Stylish Pandas

Stylish Pandas Dataframes

When used in an ETL, we generally don't format numbers on the screen, and styling our dataframes isn't that useful. If we are using a notebook, we are generally writing code to communicate our result, either as an exploratory data analysis (where we want to read and quickly act on results) or as part of a reproducible report for others.

By default, Jupyter outputs our dataframes in a Jupyter notebook in nice HTML tables.
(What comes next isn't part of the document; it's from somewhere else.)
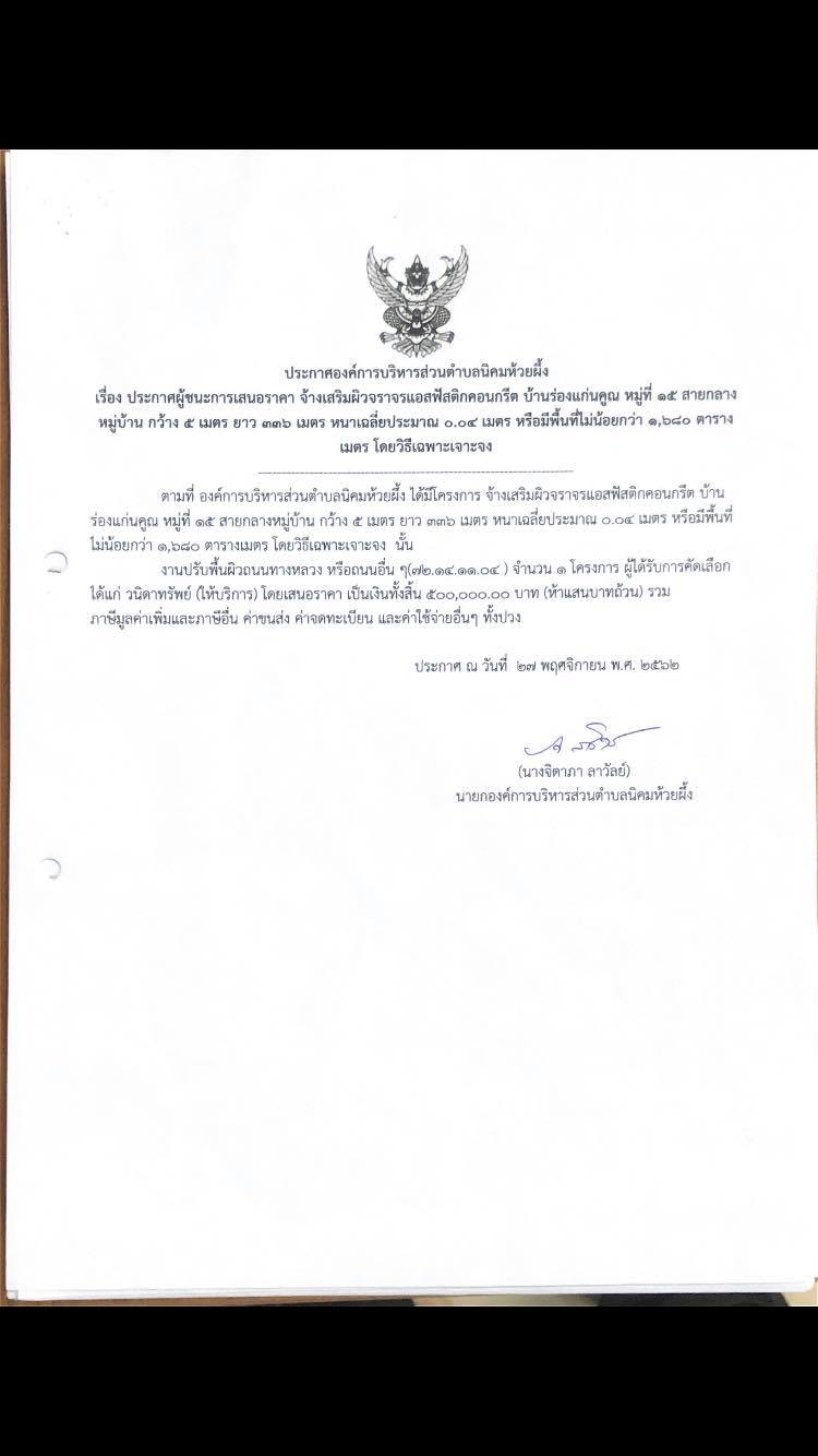 ประกาศผู้ชนะการเสนอราคา เสริมผิวจรจรแอดฟันติก ม.๑๕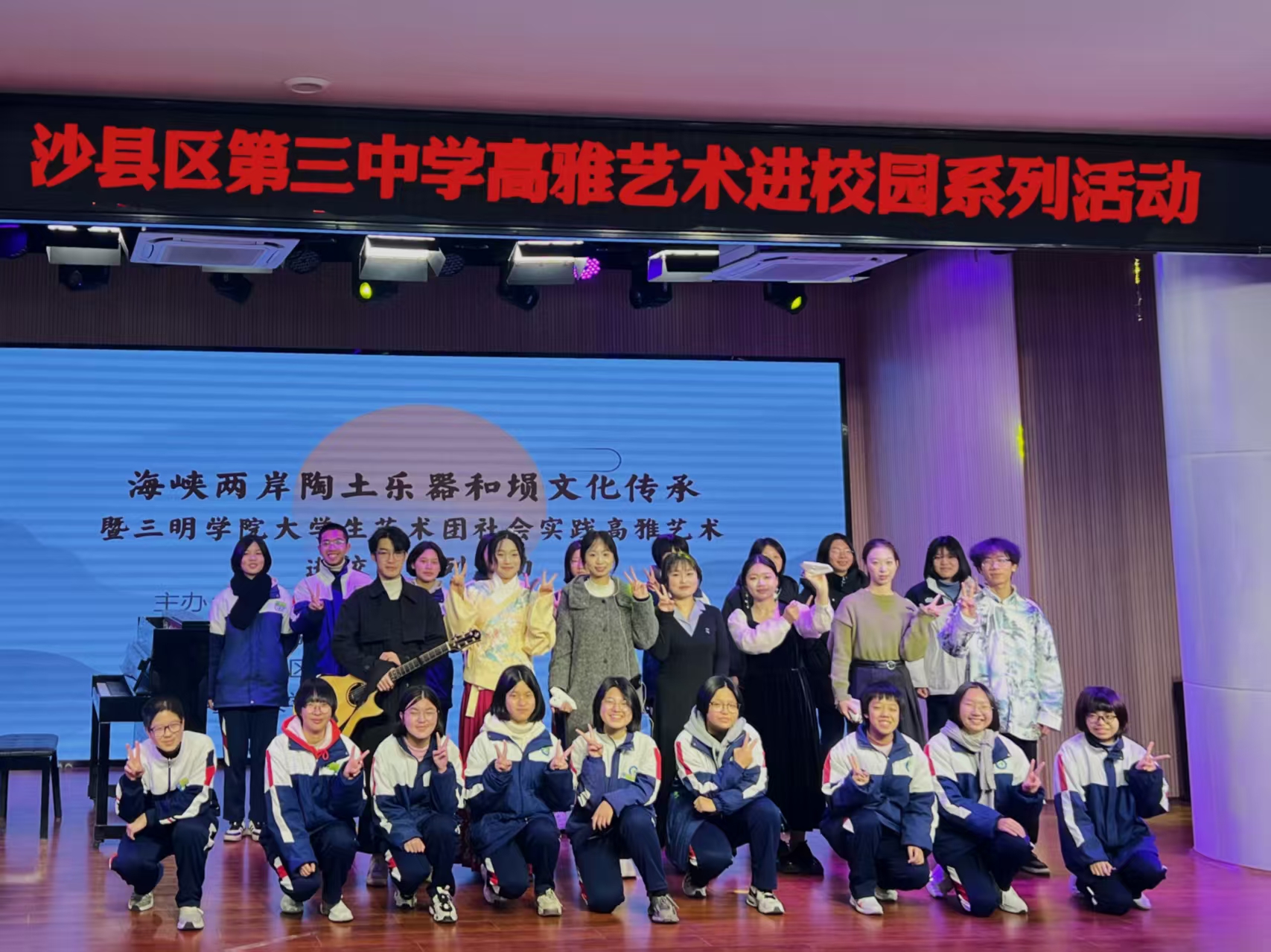 此次高雅艺术进校园活动不仅为沙县三中的师生带来丰富的文化体验,也促进了yl6809永利官网与沙县第三中学之间的校际合作。双方共同探索了传统音乐文化在高等教育和基础教育中一体化传承的新路径,为推动地方教育事业高质量发展贡献了力量。展望未来,yl6809永利官网大学生艺术团陶韵社将持续开展传统音乐文化的交流活动,扎根三明市红色基地,深入更多学校和社区,传承和弘扬中华优秀传统文化,让更多人了解和喜爱陶笛与埙等传统乐器。

Sometimes the formatting of these tables can still make them difficult to read, specifically:

  • Jupyter truncates the number of rows (and columns). There is a good argument for limiting the number of columns displayed. When doing EDA, however, it can be useful to scroll through multiple columns.

  • When you have very large numbers, such as 10639524 it can be difficult to read them as 106 million (and change) without visual breaks. Especially since the number is actually only 10,638,524 (i.e. 10.6 million and change).

  • An excessive number of decimal places can make comparing numbers between different rows difficult.

According to the Zen of Python, "readability counts". This article goes through some tricks to make your Jupyter notebook dataframes a little more readable.

td;dr

For those that just some standard formatting for their projects, this is what I will typically put at the beginning of my notebooks.

import pandas as pd
import matplotlib.pyplot as plt

# Show up to 15 cols, 50 rows by default
pd.set_option('display.max_cols', 15)
pd.set_option('display.max_rows', 50)
# Suitable default display for floats
pd.options.display.float_format = '{:,.2f}'.format

%matplotlib inline
plt.rcParams['figure.figsize'] = (12, 10)

# This one is optional -- change graphs to SVG
# Only use if you don't have a lot of points/lines
# on your graph.
# Can also just use ['retina'] if you don't want SVG.
%config InlineBackend.figure_formats = ['retina', 'svg']

The rest of this post shows how you can customize this for specific dataframes or needs.

Number formatting

An example DataFrame with code is posted in this gist, which uses campaign finance data. Let's look at a slightly simplified version, which contains fewer columns:

Last Name First Name Party Individual Contrib Candidate Contrib Transfers Other Total Funding Individual % of total
Clinton Hillary Democrat 2.311585e+08 997159.15 33940000.00 8446040.85 2.745417e+08 0.841980
Sanders Bernard Democrat 2.306704e+08 0 1500000.00 3252100.00 2.354225e+08 0.979814
Cruz Rafael Republican 9.211106e+07 0 250012.93 263277.07 9.262435e+07 0.994458
Trump Donald Republican 3.695986e+07 49950643.36 2201313.93 2186292.71 9.129811e+07 0.404826
Carson Benjamin Republican 6.346140e+07 25000.00 0.00 757560.00 6.424396e+07 0.987819

This dataframe has some very large numbers that have defaulted to scientific notation, as well as percentages, and "normal" numbers such as 25000. It doesn't have too many columns, but does have multiple numbers.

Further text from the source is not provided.